Worst Jokes Ever
Morbid jokes are just like girlfriends. Not everyone gets it.
Where do rape victims buy their clothes from?
The kids section.
What can Michael Jackson eat in his coffin?
Nothing, only brown bread, what they call it! 😂😂😂
I don't know what an HD is, but my doctor says I have 80 of 'em'.
Last week a girl asked me for sex. I had to disappoint her... so I said yes.
What do you call 2 nudists in Africa?
Naked and Afraid.
Your hairline is so big, Niagara Falls said, "Oh, looks like we've got some competition!"
Why do pedophiles always lose a race?
Because they come in a little behind.
Yo mama so fat, when she passed by the TV, I missed a whole season of SpongeBob.
What did Dom Toretto say about the tree Paul Walker hit?
"Family strong, but not that strong."
My grandma unplugged the internet cable, so I unplugged her life support.
A dad told his son never to hit girls, so the son replied, "I promise."
When the son got older, he was doing the dirty with "a girl," and the girl says, "Spank me, daddy..." and the son responds, "My dad said never to hit a girl."
Then the "girl" takes off the wig, and it's his dad, and the dad said, "Good job, son!"
Son:...... um
Why do orphans love chips?
Because they're all family sized.
Mom! Mom! My classmates called me an orphan!

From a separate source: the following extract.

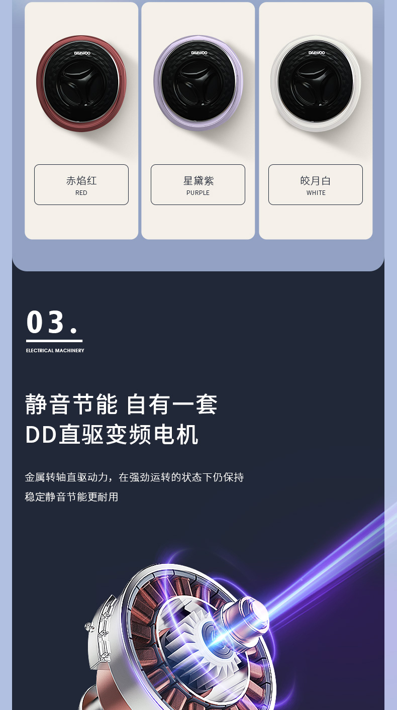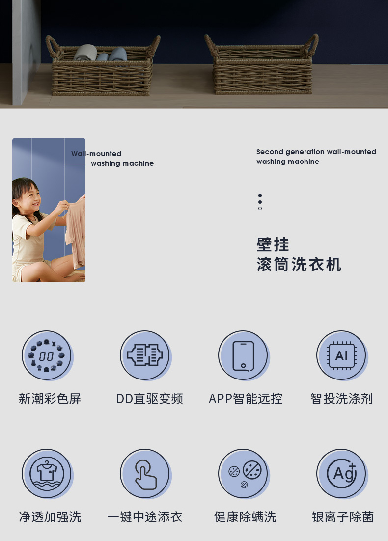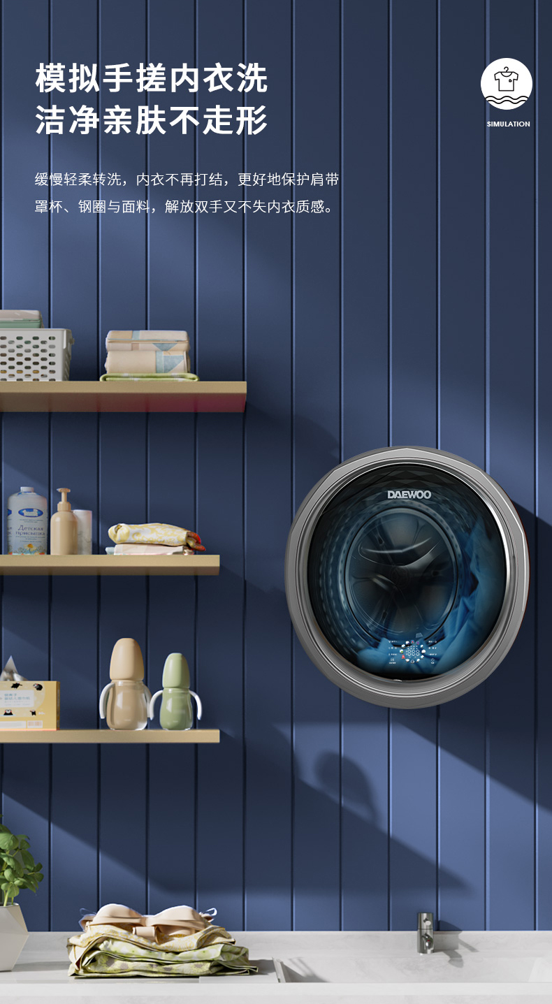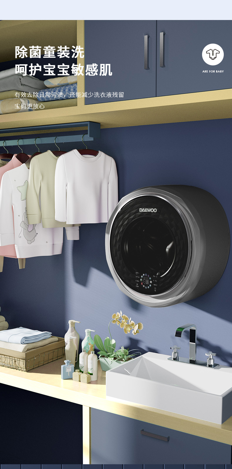大宇(DAEWOO)壁挂洗衣机 全自动变频3KG迷你滚筒DY-BGX07

My worst fear is being trapped in a lift with a man who is confident he can fix it.
TIL Ariana Grande is actually a pop singer.
I thought it was a fancy coffee for white supremacists.
How to commit arson:
1. Burn down an orphanage.
TV: SCHOOL SHOOTING 13 DIED.
Father: Guns cause all these problems!
Kid playing FNAF security breach *bang* *Bang*
Kid: WOLF PU&EY WOLF PU^$Y WOLF PU*#Y
What's the difference between a bird and a kid on the roof?
The bird can fly off the roof.
Why is it everyone wants to rub a pregnant woman's stomach but never the man's balls where the baby actually came from and the real ones that deserve the congratulations?